Testing Your CSRF Protection
Here’s a comprehensive test suite to ensure your CSRF protection works:
func TestCSRFProtection(t *testing.T) {
// Setup
protection := http.NewCrossOriginProtection()
protection.AddTrustedOrigin("https://trusted.example.com")
handler := protection.Handler(http.HandlerFunc(func(w http.ResponseWriter, r *http.Request) {
w.WriteHeader(http.StatusOK)
w.Write([]byte("Success"))
}))
tests := []struct {
name string
method string
headers map[string]string
wantStatus int
}{
{
name: "GET request always allowed",
method: "GET",
headers: map[string]string{"Sec-Fetch-Site": "cross-site"},
wantStatus: http.StatusOK,
},
{
name: "Same-origin POST allowed",
method: "POST",
headers: map[string]string{"Sec-Fetch-Site": "same-origin"},
wantStatus: http.StatusOK,
},
{
name: "Cross-site POST blocked",
method: "POST",
headers: map[string]string{"Sec-Fetch-Site": "cross-site"},
wantStatus: http.StatusForbidden,
},
{
name: "Trusted origin POST allowed",
method: "POST",
headers: map[string]string{
"Sec-Fetch-Site": "cross-site",
"Origin": "https://trusted.example.com",
},
wantStatus: http.StatusOK,
},
{
name: "Untrusted origin POST blocked",
method: "POST",
headers: map[string]string{
"Sec-Fetch-Site": "cross-site",
"Origin": "https://evil.example.com",
},
wantStatus: http.StatusForbidden,
},
{
name: "No headers (API client) allowed",
method: "POST",
headers: map[string]string{},
wantStatus: http.StatusOK,
},
}
for _, tt := range tests {
t.Run(tt.name, func(t *testing.T) {
req := httptest.NewRequest(tt.method, "/api/test", nil)
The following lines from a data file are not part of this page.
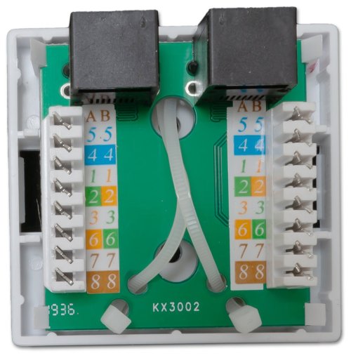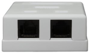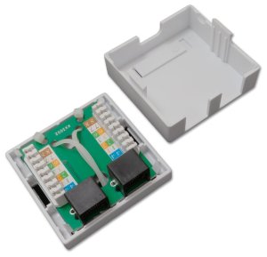 Netienená zásuvka na stenu s 2 konektormi RJ-45, narážacie kontakty.
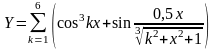Y=pow(cos(k*x),3)+sin(0.5*x/pow((k*k+x*x+1),1/3).
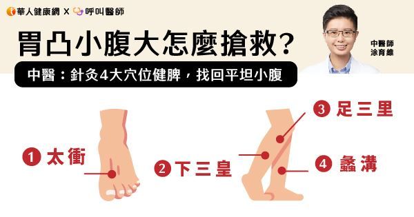 最後,涂育維中醫師提醒,胃凸的形成並不是一朝一夕的,所以治療上除了用藥針灸外,患者本身的生活習慣也需要進行調整,除了要減少暴飲暴食、吃到飽,也要調整吃太快的習慣,並盡量減少烤炸辣等對腸胃負擔較大的食物。革除不好的生活習慣外,也推薦偶爾練習腹式呼吸幫助放鬆情緒,並且加入鍛鍊核心肌群的動作,像是死蟲式、橋式等簡單又不會出錯的動作,幫助大家盡快消除胃凸,還可以建立更好的體態。

for k, v := range tt.headers {
req.Header.Set(k, v)
}
rec := httptest.NewRecorder()
handler.ServeHTTP(rec, req)
if rec.Code != tt.wantStatus {
t.Errorf("got status %d, want %d", rec.Code, tt.wantStatus)
}
})
}
}Testing with curl
You can also test manually with curl:
# Same-origin request (allowed)
curl -X POST \
-H "Sec-Fetch-Site: same-origin" \
http://localhost:8080/api/transfer
# Cross-site request (blocked)
curl -X POST \
-H "Sec-Fetch-Site: cross-site" \
-H "Origin: https://evil.com" \
http://localhost:8080/api/transfer
# API client without headers (allowed)
curl -X POST http://localhost:8080/api/transfer
# Trusted origin (allowed if configured)
curl -X POST \
-H "Sec-Fetch-Site: cross-site" \
-H "Origin: https://app.example.com" \
http://localhost:8080/api/transferMigration Guide: From gorilla/csrf to CrossOriginProtection
If you’re currently using gorilla/csrf, here’s how to migrate:
Before (gorilla/csrf):
package main
import (
"github.com/gorilla/csrf"
"github.com/gorilla/mux"
)
func main() {
r := mux.NewRouter()
csrfMiddleware := csrf.Protect(
[]byte("32-byte-long-auth-key"),
csrf.Secure(false),
csrf.HttpOnly(true),
)
r.HandleFunc("/form", formHandler).Methods("GET")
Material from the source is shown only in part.